- Born: 25 September 1934 Rajasthan
- Died: 4 February 1999 (aged 64) Cleveland, United States
- Occupations: Industrialist and Philanthropist, Chairman Bennett, Coleman & Co. Ltd.
- Spouse: Indu Jain
- Children: 3, including Samir Jain and Vineet Jain
- Father: Sahu Shanti Prasad Jain
- Relatives: Sahu Ramesh Chandra Jain

= Ashok Kumar Jain =

Industrialist and philanthropist

Ashok Jain (1934 – 4 February 1999) was the Chairman of Bennett, Coleman & Co., the parent company of The Times of India and other large newspapers.

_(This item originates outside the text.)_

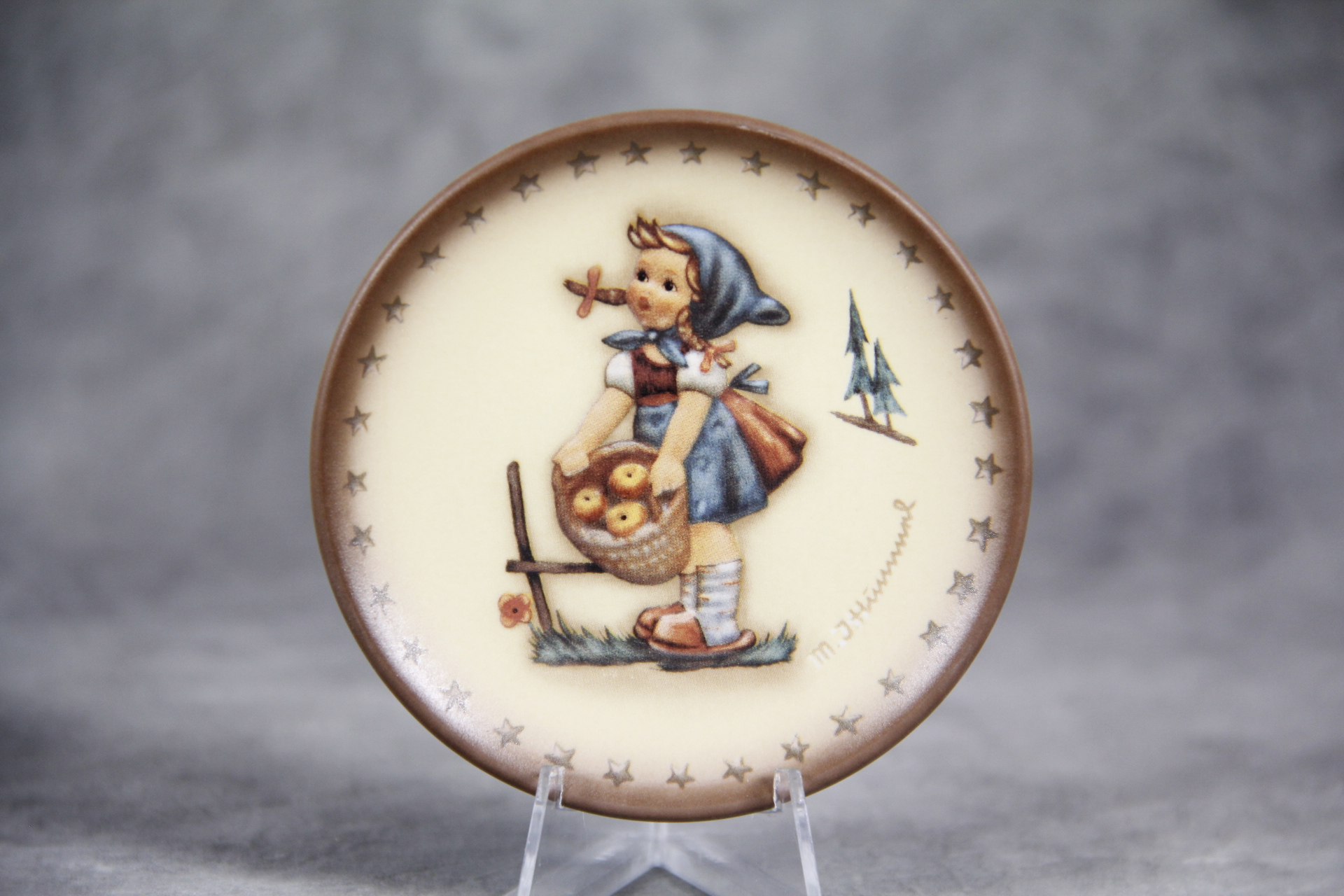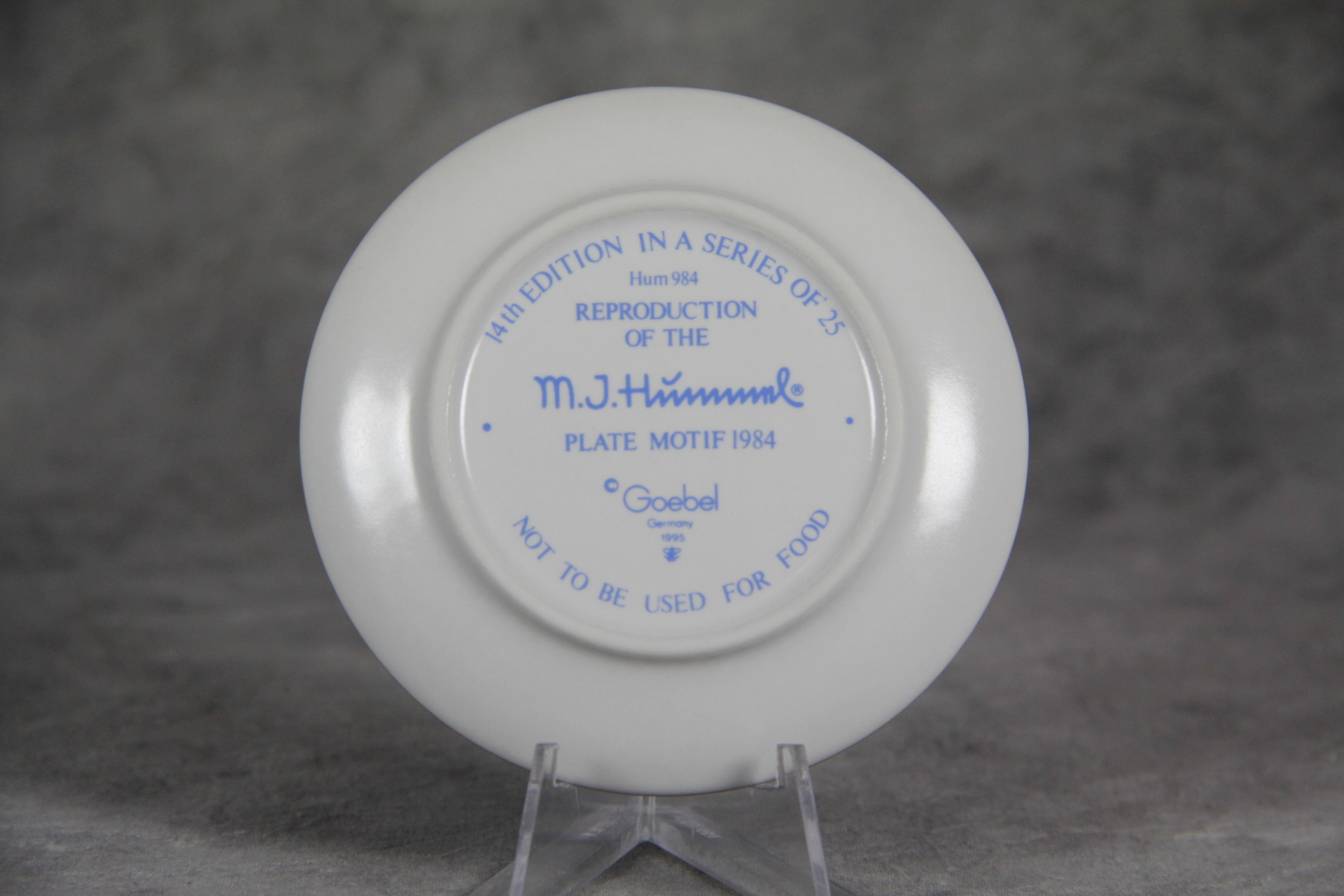 October 28, 2025 - 3-1/4 inches in diameter. The following is imprinted in blue on bottom of plate: Goebel TMK 7 trademark, '14th Edition in a series of 25, Hum 984, Reproduction of the M.I. Hummel Plate Motif 1984'.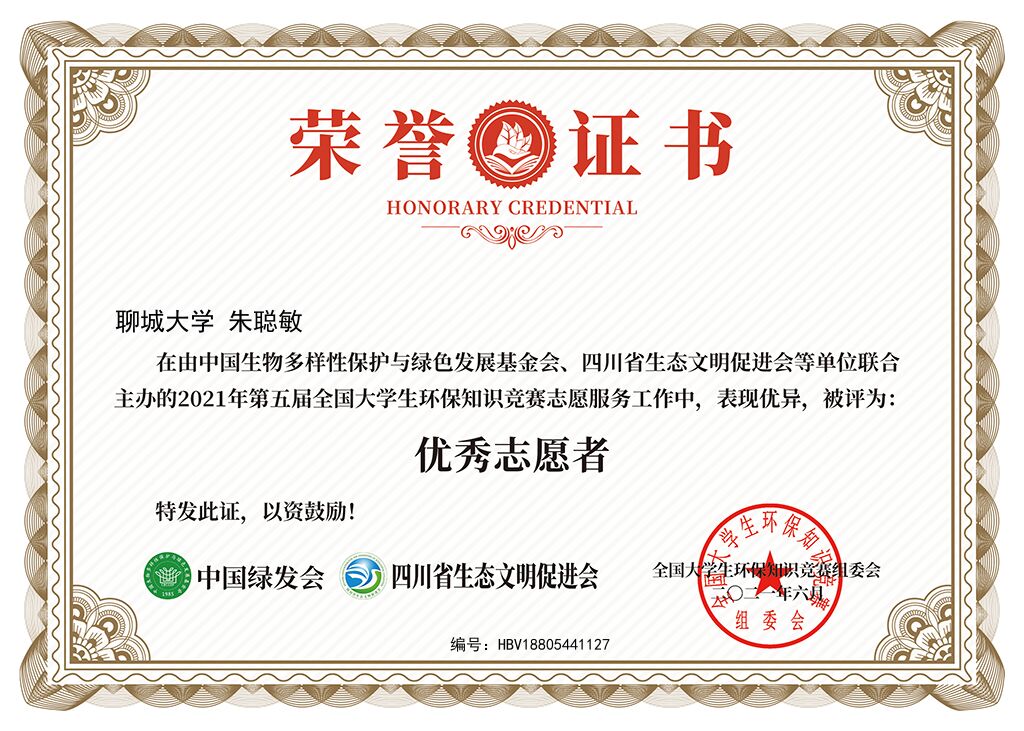 在第五届全国大学生环保知识竞赛中表现优异,荣获优秀志愿者称号

==FERA violation charges==
Ashok Jain was indicted and arrested in 1998, a year before his death, in connection with an alleged violation of the FERA (Foreign Exchange Regulation Act). Again, the Times was accused of distorting facts pertaining to the case, even giving Ashok's indictment by the Enforcement Directorate the tint of a larger conspiracy against the Jain community in general. Adding to the controversy were sacked editor H.K. Dua's claims that his dismissal was retaliation for his refusal to comply with Ashok Jain's request to help him out by using his editorial position to build up public support besides lobbying with politicians. The ED, Delhi, arrested Jain from his Carmichael Road residence in Mumbai after 18 months in various courts.

==Personal==
Jain was married to Indu Jain by whom he had two sons, Samir Jain, Vineet Jain and a daughter Nandita. He died on 4 February 1999 in Cleveland, United States at age of 64, following a heart transplant on 10 January. Even after his death, his contribution to the society was noted as the managing trustee of the Bharatiya Jnanpith, which is a leading organisation devoted to the promotion and recognition of the best creative writing in Indian languages.